Doubling down on its accusations of AI scaremongering, Microsoft is hitting back at two concurrent lawsuits over its own involvement in AI and specifically large language models, calling them either “doomsday hyperbole” or “doomsday futurology.”
The latter phrasing is used in a published motion to dismiss (pdf warning) the case the New York Times has brought against Microsoft and OpenAI, where the NYT holds the two defendants “responsible for the billions of dollars they owe for the unlawful copying and use of The Times's uniquely valuable works.”
In that original claim the Times states that while it had been working “for months” to come to an agreement with the defendants over terms for its contribution to the training of OpenAI's large language models, it was now pursuing compensation through the courts instead.
OpenAI itself has given particular weight to the NYT articles that it has trained its models with, and contends that “by OpenAI’s own admission high-quality content, including content from The Times, was more important and valuable for training the GPT models as compared to content taken from other, lower-quality sources.”
Microsoft, however, is likening the NYT's copyright claim to the entertainment industry's attempt to halt the rise of the VCR when it too cited copyright infringement as a thing working against Hollywood. “The Court ultimately rejected the alarmism and voted for technological innovation and consumer choice,” reads the filing.
The motion to dismiss then goes onto describing LLMs and the machine learning algorithm that has driven the recent explosion in more effective chatbots—the transformer—and claims the datasets used to train these LLMs “does not supplant the market for the works, it teaches the models language. It is the essence of what copyright law considers transformative—and fair—use.”
The main thrust of Microsoft's motion, however, isn't about the training per se, but aims to address the allegations made by the NYT that the public's usage of LLM, and particularly GPT-based products, is causing harm to the publication “and thus poses a mortal threat to 'independent journalism' at 'a cost to society [that] will be enormous.'”
It claims The Times used unrealistic prompts in order to coax the LLMs to output text that matched NYT articles, stating that it's not actually based on the ways that normal people, or a reasonable person, would use these tools.
“Nowhere does The Times allege that anyone other than its legal team would actually do any of this,” it states, “and certainly not on a scale that merits the doomsday futurology it pushes before this Court and has boosted to its readers.”
This could end up as a key point in this claim. The idea of 'the reasonable person' is a vital point of law, and could be used to decide whether the NYT's claims that it could be damaged by LLMs should be measured by what a reasonable person might do with the technology.

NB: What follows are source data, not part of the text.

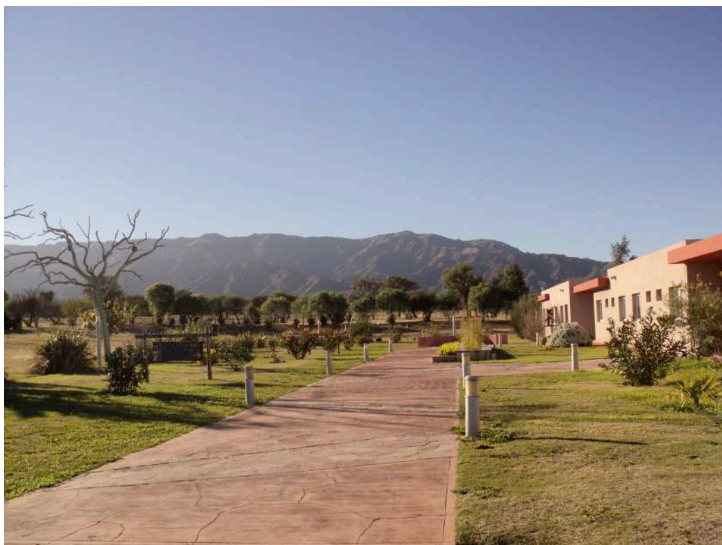
Instalaciones de San Luis Cine: Vista parcial.

Key words: local audiovisual policies, audiovisual promotion legislation, cinema, TV.
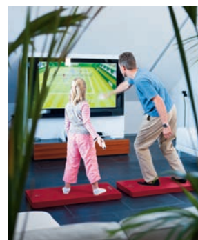
Mehr Spaß beim Spielen.
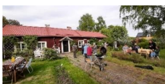
Vårens verksamheter avslutades på Iggesunds äldsta hus -Anundsgården, med Ljuspunkten

Likewise, maybe Microsoft and OpenAI ought to be held to what a reasonable person might expect when it comes to privacy in a digital, always online age.
Because the second case (pdf warning) is a class action which apparently “devotes 198 pages to doomsday hyperbole about AI as a threat to civilization,” and sees 13 plaintiffs demanding the courts enjoin the defendants (OpenAI and Microsoft) from “their ongoing violations of the privacy and property rights of millions and [are] required to take immediate action to implement proper safeguards and regulations for the Products, their users, and all of society.”
Among other things, the original filing states that the scraping of the plaintiffs' digital footprints means the defendants can “misappropriate our skill sets and encourage our own professional obsolescence. This would obliterate privacy as we know it.”
To which Microsoft retorts (pdf warning): “Plaintiffs do not plead any facts plausibly showing they have been affected by any of the supposed 'scraping,' 'intercepting,' and 'eavesdropping' they allege. Nowhere do they say what of their private information Microsoft ever improperly collected or used; nor do they identify any harm they individually suffered from anything that Microsoft allegedly did. Plaintiffs cannot state a claim based on the hypothetical experiences of others. This deficiency alone requires dismissal of all of Plaintiffs' claims.”
OpenAI has provided a similar stance in its own motions to dismiss, and the plaintiffs in the privacy case have explicitly responded, as noted by The Register.
“OpenAI gave no notice to the world that, for years, it was secretly harvesting from the internet everything ever created and shared online, anywhere, by hundreds of millions of Americans.
What is artificial general intelligence?: We dive into the lingo of AI and what the terms actually mean.
“That, for a decade plus, every consumer's use of the internet thus operated as a gratuitous donation to OpenAI: of our insights, talents, artwork, personally identifiable information, copyrighted works, photographs of our families and children, and all other expressions of our personhood—for products that stand to concentrate the country's wealth in even fewer corporate behemoths, displace jobs at scale, and risk the future of mission-critical industries like art, music, and journalism, while creating dangerous new industries like the high-speed spawning of child pornography.”
There are seemingly as many AI-focused lawsuits as there are claims against former presidents right now, and while we might be looking at these claims and counterclaims as merely forests worth of paper filled with legalese and battling big tech, they will have an effect on all our lives. For good or ill. They will set pivotal precedents that will inevitably change the development of both AI and the internet.
And possibly, if we're sticking with the hyperbole theme, humanity itself.